# Zombie Apocalypse Shelter 2014



## melissa (Jul 23, 2004)

Sorry, just realized that the 1st post didn't include anything about your input, which is welcome!!

The first couple tiny coffins are done - I'll get pics later today.


----------



## melissa (Jul 23, 2004)

The first few coffins for the pre-invites are done. They're 3" long, 1.5" wide & 1" tall. 







I'm getting these boxes for mailing them (a little too big, but I have to think about the label and stamps*), which I'll cushion with moss or excelsior or something. Inside each coffin will be a "blood"-stained note with a teaser & the date, promising more details. I want to do something to the box to make them go with the theme, but also get them delivered (I used skull & crossbones tape once and the box took _forever_ to arrive.). I have "spinal cord" tape which I may use, but I was thinking about getting some red ink or paint and just smudging the edges, too. 

*Any suggestions about keeping the coffin & lid together?* I may resort to a little glue dot or something.

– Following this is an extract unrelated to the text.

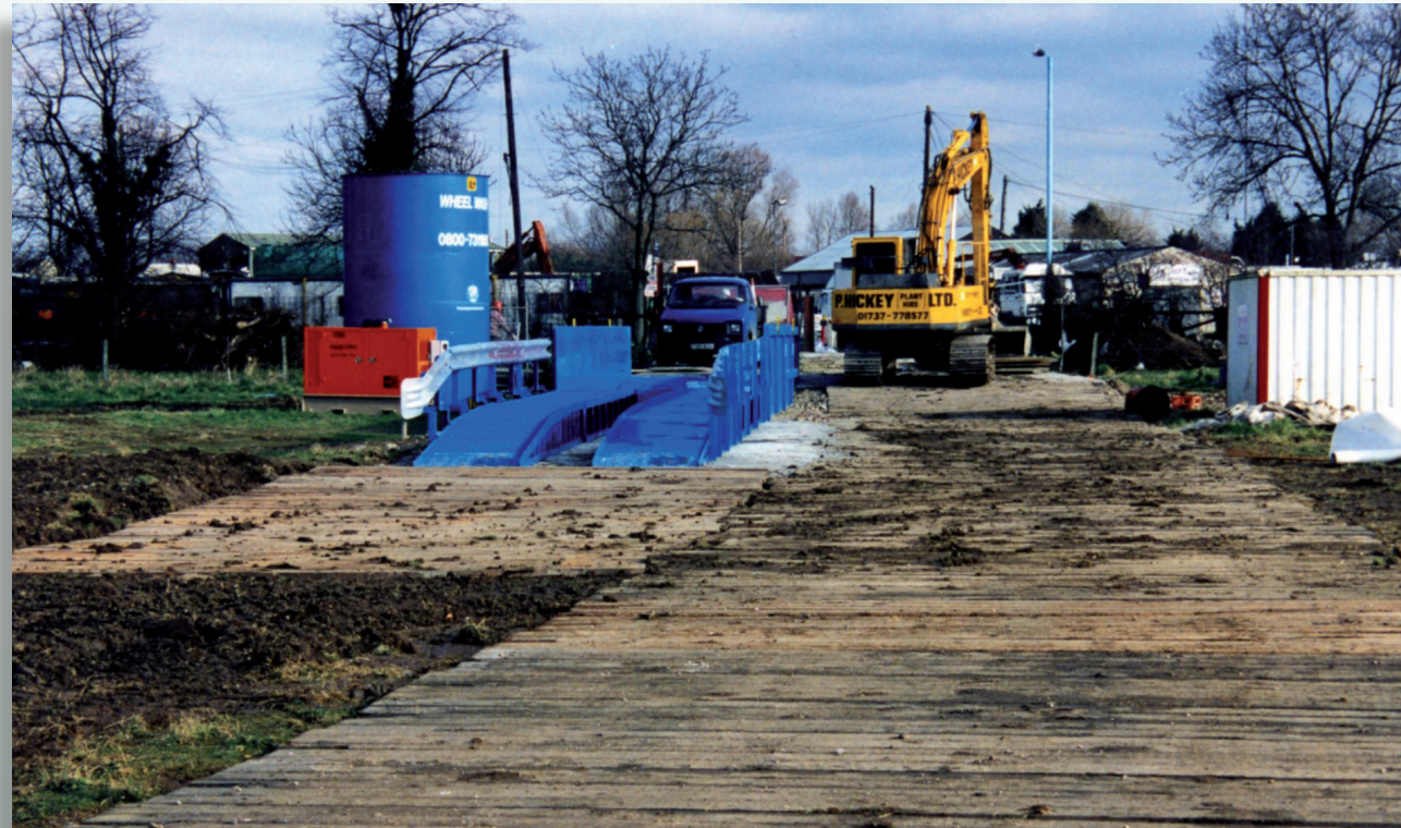
▲ Access to and from Wheelwash - Bedfont, Middlesex

prime requirement. For this reason it is ideal for all forms of marine work i.e. piling, sea defence, groynes, jetties, beach landings and slipways, access roads , decking, working platforms, temporary bridges and onshore drilling sites.
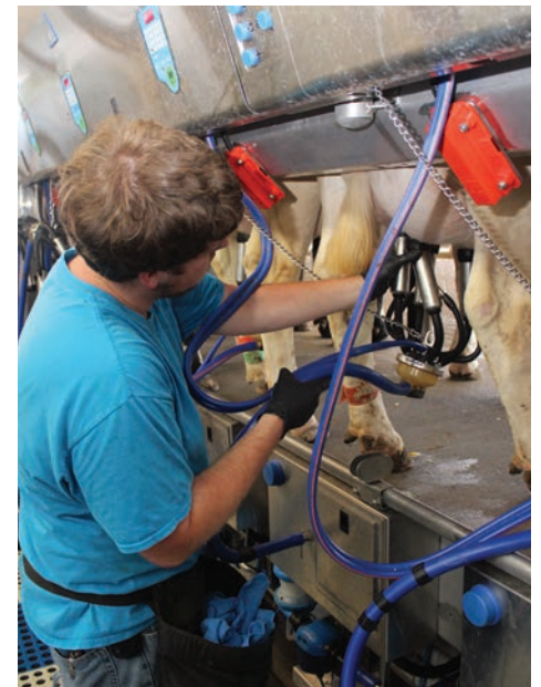
A Virginia Tech student milks cows at the new Dairy Science Complex – Kentland Farm.

Because I'll have 50 of these boxes and won't need many (small guest list), I'm trying to think of at least one other use for them for the party. (I'll still have some left over.) I want to get the chocolate ammo set and make a bunch of those & add a fun label.

I think other favors will be based on the "emergency supply" concept: fake MRE pouches** with some candy (I'm leaning towards the peas & carrots mix, but does anyone like that?), candles (I may just do them all unscented, but splatter the tops with red wax), etc. I honestly think the hardest part will be reining in my enthusiasm and not spending a crap-ton of money on these. 

How could I resist the red-eyed "zombie bunnies" salt & pepper shakers we found at a thrift store yesterday? I need to give them a good scrubbing, but these will be on the table:







*Trying to decide if I want to use the stamps I've been collecting: Sleepy Hollow, Washington Irving, movie monsters & bats. Part of me wants to at least save the first two in case I do a Sleepy Hollow-themed party (on the list!).

**I made myself order the cheaper bags that had a clear side. The actual heat-seal bags were roughly 10x the price (per unit). I need to not worry too much about authenticity for party favors!


----------



## pumpkinpie (Jul 9, 2011)

We did this theme last year, so much fun!!!!
http://www.halloweenforum.com/party-ideas-experiences-and-recipes/125434-zombies.html?highlight=

Some of the things we did...
Invites, I recreated the front page of our local newspaper
http://tinypic.com/view.php?pic=6qwk6w&s=5 with stories of local attacks and the threat of the mayor in cancelling Halloween due to a town wide curfew

For decor, we did the boarded windows (everyone loved those. We used cutouts of zombie target practice posters on the windows too...they looked great. Knowing some people would have fake blood on their costumes I decided to save my furniture with some white sheets but decided one needed to look like the suicide scene from WD so I fashioned some blood clings for the walls and a blood splatter. We made a zombie and a victim and tons of candles. I tried to have it look like an abandoned house but my OCD would not permit me to have it look messy lol

I really wanted the buffet table to be filled with dented dirty cans along with food that appeared to be from the cellar (chili served in mason jars)...but I eventually just ran out of steam....
I'll post a few pics...

Btw, love all your ideas...and especially love your coffins, they look awesome  Below (in my signature) is my pinterest link, feel free to take a peek...I have a zombie board and a zombie food board


----------



## pumpkinpie (Jul 9, 2011)

http://www.halloweenforum.com/members/pumpkinpie-albums-zombies-2013-projects-party-pics.html


----------



## melissa (Jul 23, 2004)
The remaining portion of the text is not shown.